**REQUIREMENT**:
Set down a true copy of the data, with all pictures left out.

Records from a collection:
·····

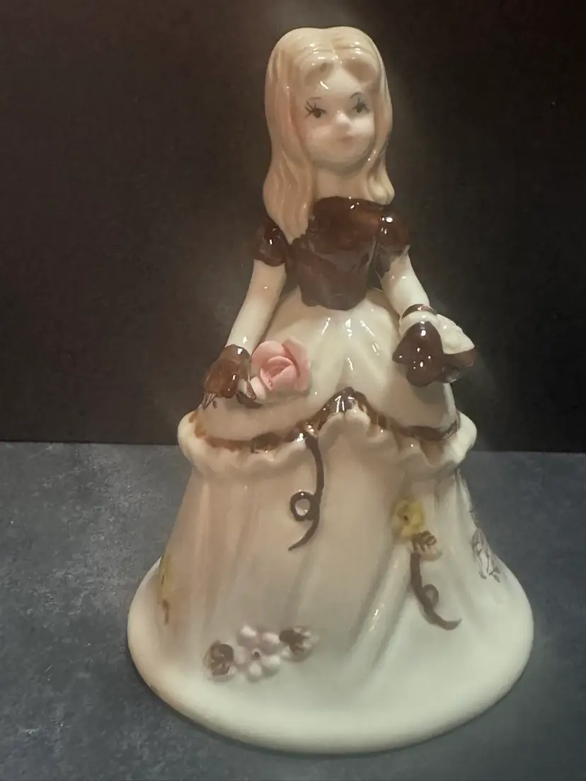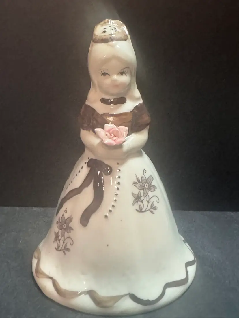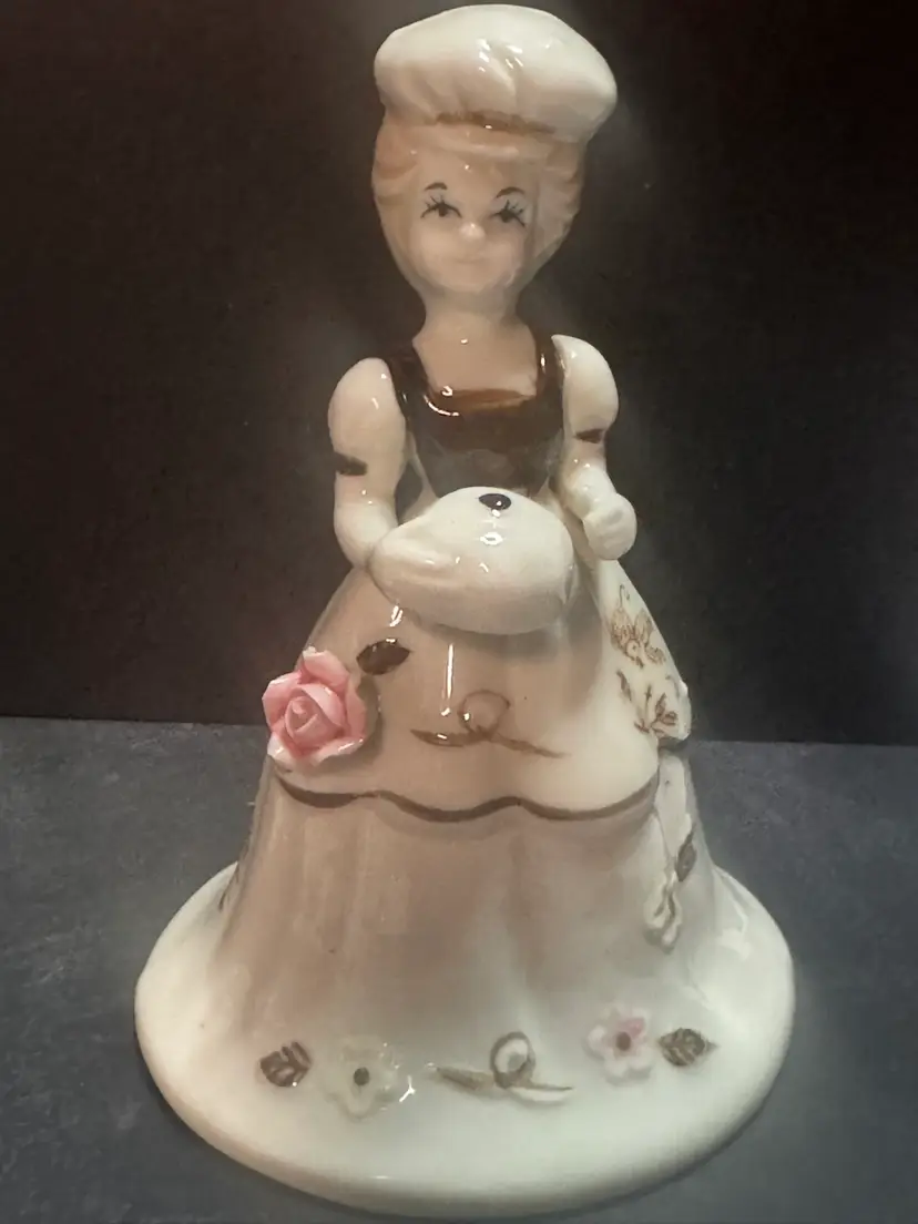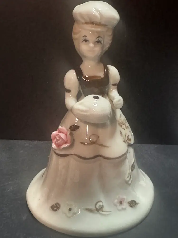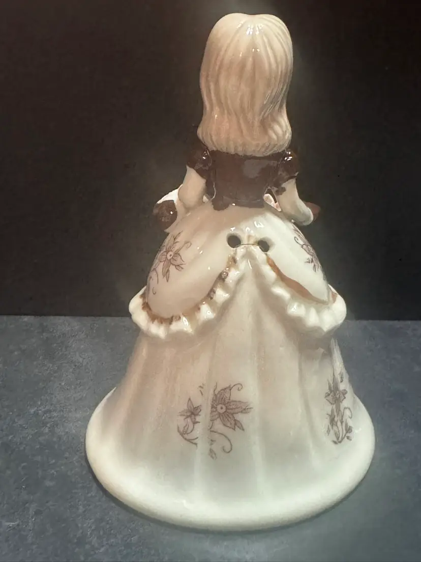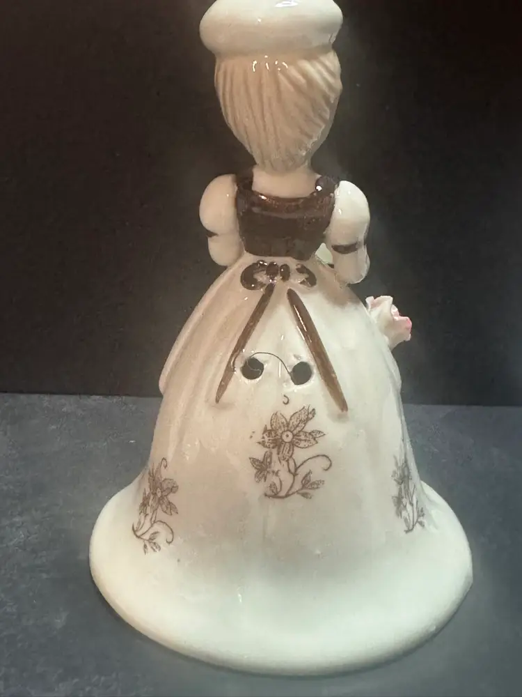 This is a vintage Brinn & Co. Victorian-style ceramic bell figurine of a girl holding a pink flower. It is made of glazed porcelain and features hand-painted details. The dress is primarily white or cream with brown accents, including floral and ribbon designs. It functions as both a decorative figurine and a working hand bell. No chips or cracks. Like new condition.
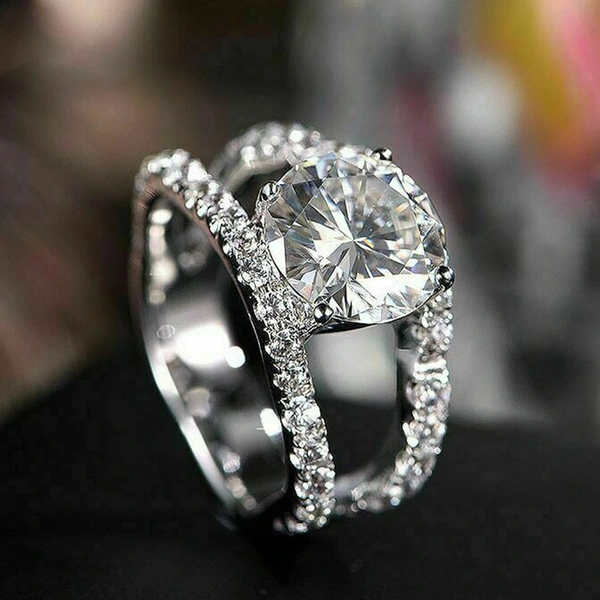 Bague créative en zircon incrusté à double rangée, bijou de mode européen et américain, cadeau romantique pour femme, idéal pour la Saint-Valentin
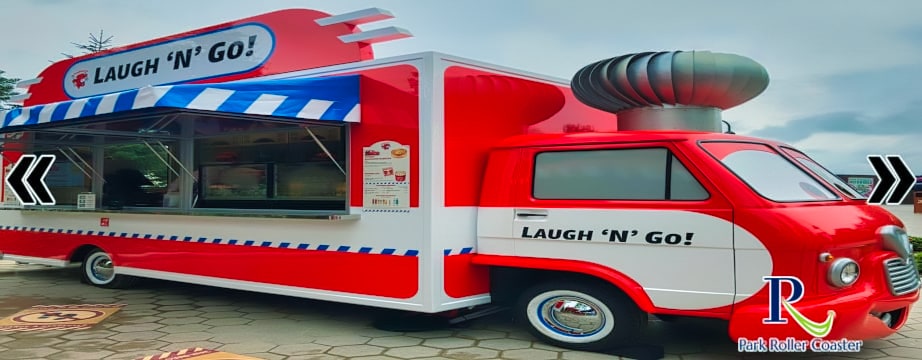Il s’agit, comme le poids lourd de la scène « CARS-tastrophe Canyon » d’un personnage inédit dans l’univers de la franchise CARS. Ses couleurs rouge, blanc et bleu sur sa carrosserie rappellent justement les couleurs principales de la marque Vache qui rit. Sur la terrasse, des tables avec des chaises sont à disposition des clients du food truck, avec de jolis parasols thémés. Le « food truck » Laugh ‘n’ Go! propose donc des produits à base de Vache qui rit comme un croque monsieur à l’effigie de Flash McQueen.
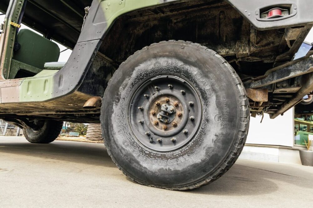 「武骨」という言葉を絵に描いたようなゴツいデザインのホイールに、37×12.5R16.5という特殊サイズのタイヤを装着。
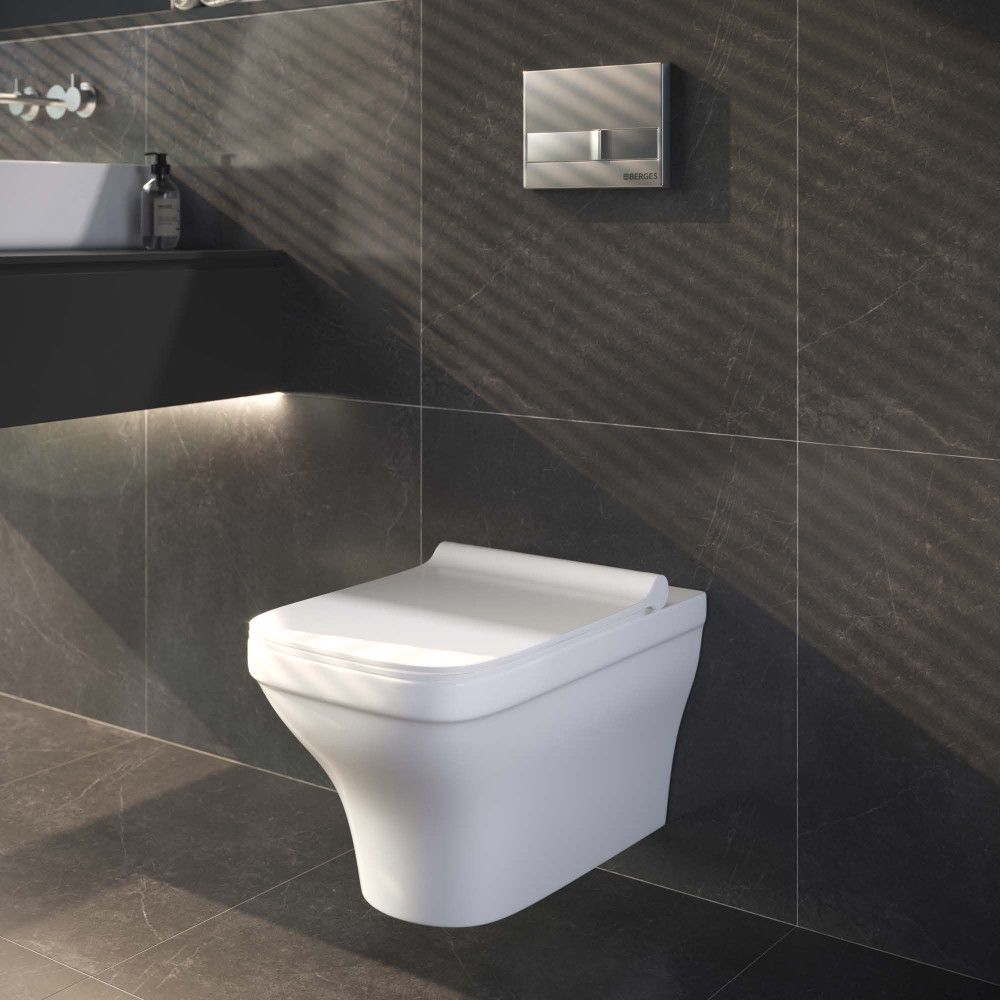 Подвесной унитаз Berges Strati белый 082132 сиденье Strati SO микролифт быстросъёмное
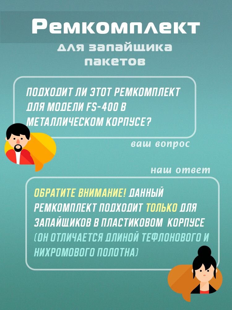 Отзывы на Ремкомплект для запайщика пакетов FS-400 (в пластиковом корпусе) антипригарное полотно 2шт и нагревательный элемент 2шт
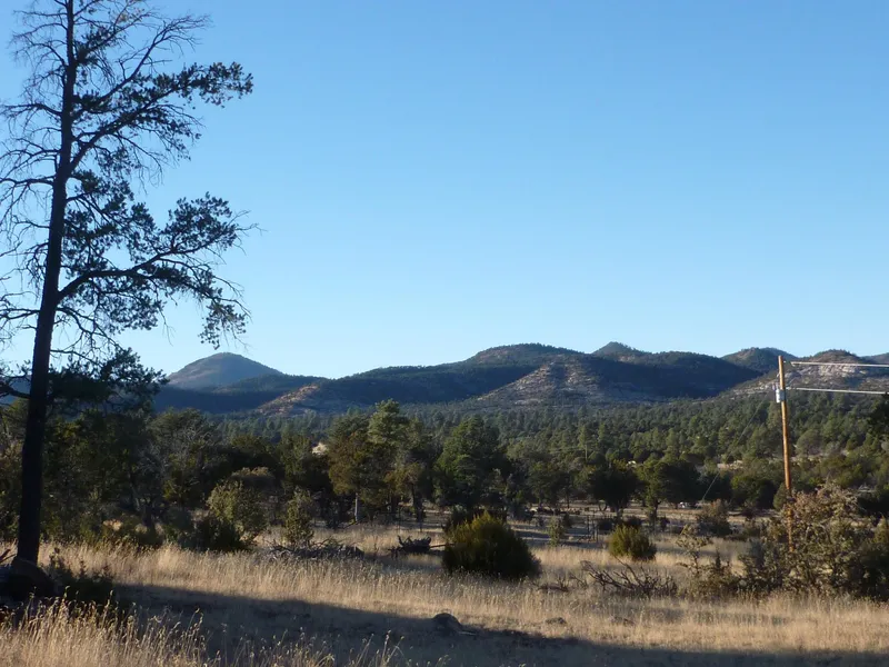 The 5.0 acres is fenced on 3 of the 4 sides. There are beautiful pine, oak, pinion pine and juniper trees all over the property.
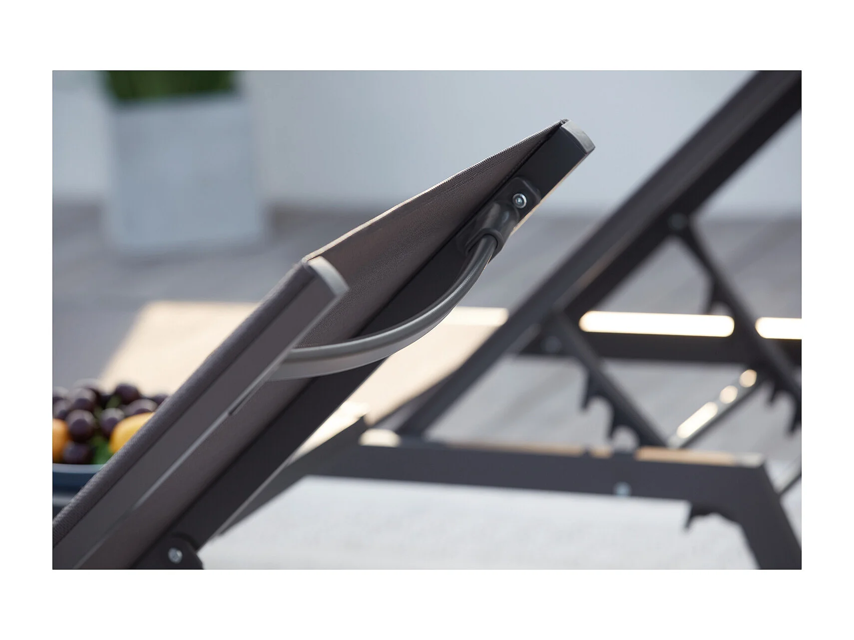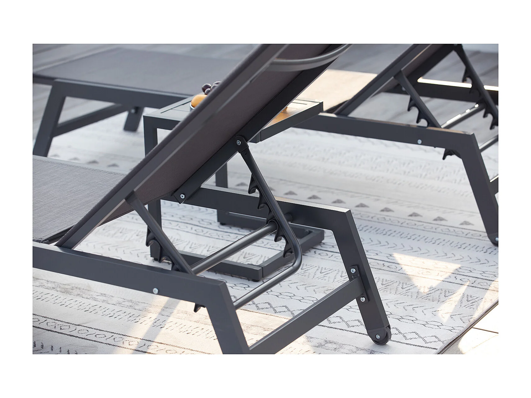 Lot de 2 transats et une table d'appoint gris et noir PRATO
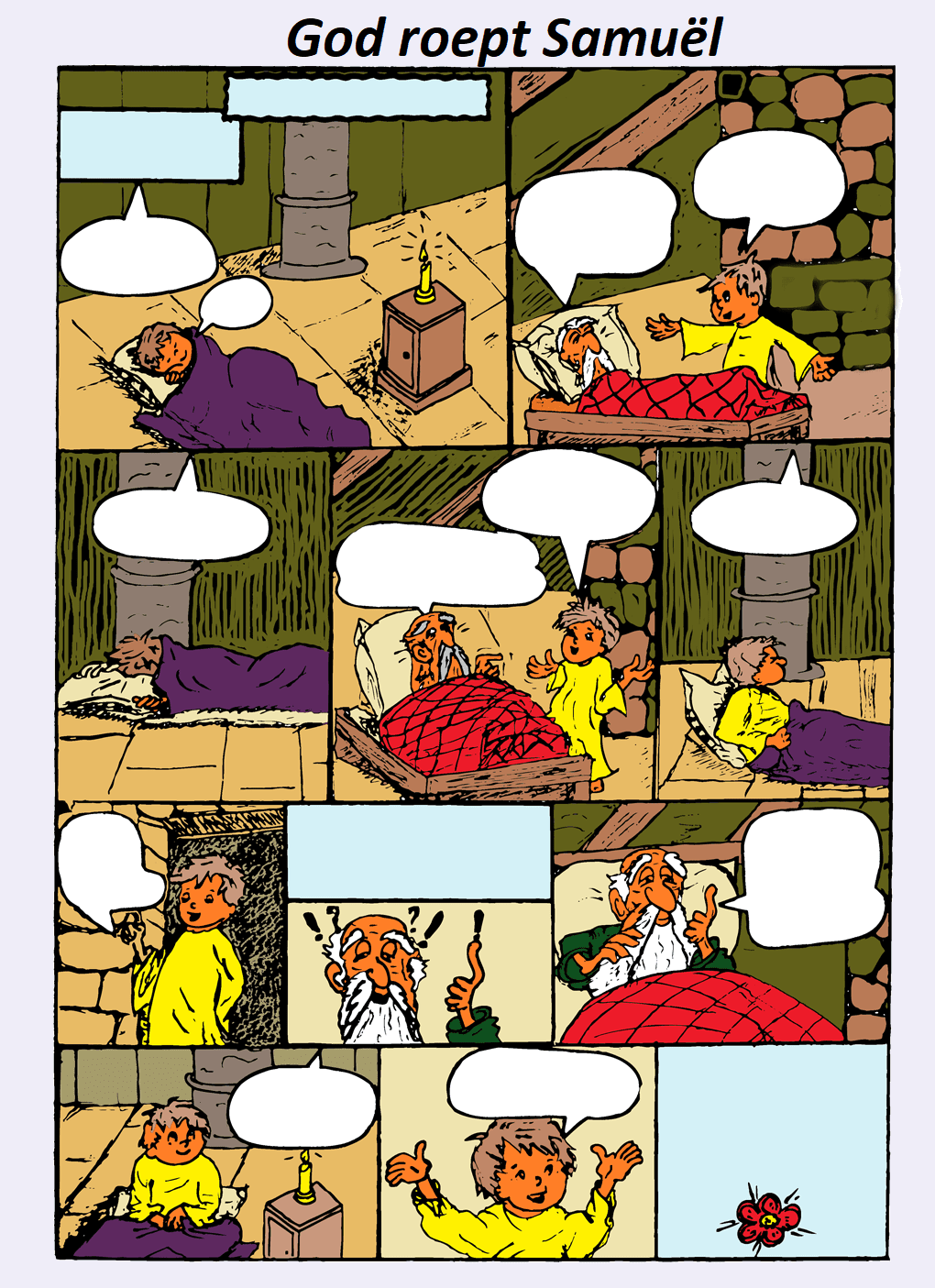 Een mooie strip over Samuël. Hij wordt geroepen door God. Lees I Samuel 3 en voeg de tekst toe.

·····

**ANSWER FOR THE TASK**:
 This is a vintage Brinn & Co. Victorian-style ceramic bell figurine of a girl holding a pink flower. It is made of glazed porcelain and features hand-painted details. The dress is primarily white or cream with brown accents, including floral and ribbon designs. It functions as both a decorative figurine and a working hand bell. No chips or cracks. Like new condition.
 Bague créative en zircon incrusté à double rangée, bijou de mode européen et américain, cadeau romantique pour femme, idéal pour la Saint-Valentin
Il s’agit, comme le poids lourd de la scène « CARS-tastrophe Canyon » d’un personnage inédit dans l’univers de la franchise CARS. Ses couleurs rouge, blanc et bleu sur sa carrosserie rappellent justement les couleurs principales de la marque Vache qui rit. Sur la terrasse, des tables avec des chaises sont à disposition des clients du food truck, avec de jolis parasols thémés. Le « food truck » Laugh ‘n’ Go! propose donc des produits à base de Vache qui rit comme un croque monsieur à l’effigie de Flash McQueen.
 「武骨」という言葉を絵に描いたようなゴツいデザインのホイールに、37×12.5R16.5という特殊サイズのタイヤを装着。
 Подвесной унитаз Berges Strati белый 082132 сиденье Strati SO микролифт быстросъёмное
 Отзывы на Ремкомплект для запайщика пакетов FS-400 (в пластиковом корпусе) антипригарное полотно 2шт и нагревательный элемент 2шт
 The 5.0 acres is fenced on 3 of the 4 sides. There are beautiful pine, oak, pinion pine and juniper trees all over the property.
 Lot de 2 transats et une table d'appoint gris et noir PRATO
 Een mooie strip over Samuël. Hij wordt geroepen door God. Lees I Samuel 3 en voeg de tekst toe.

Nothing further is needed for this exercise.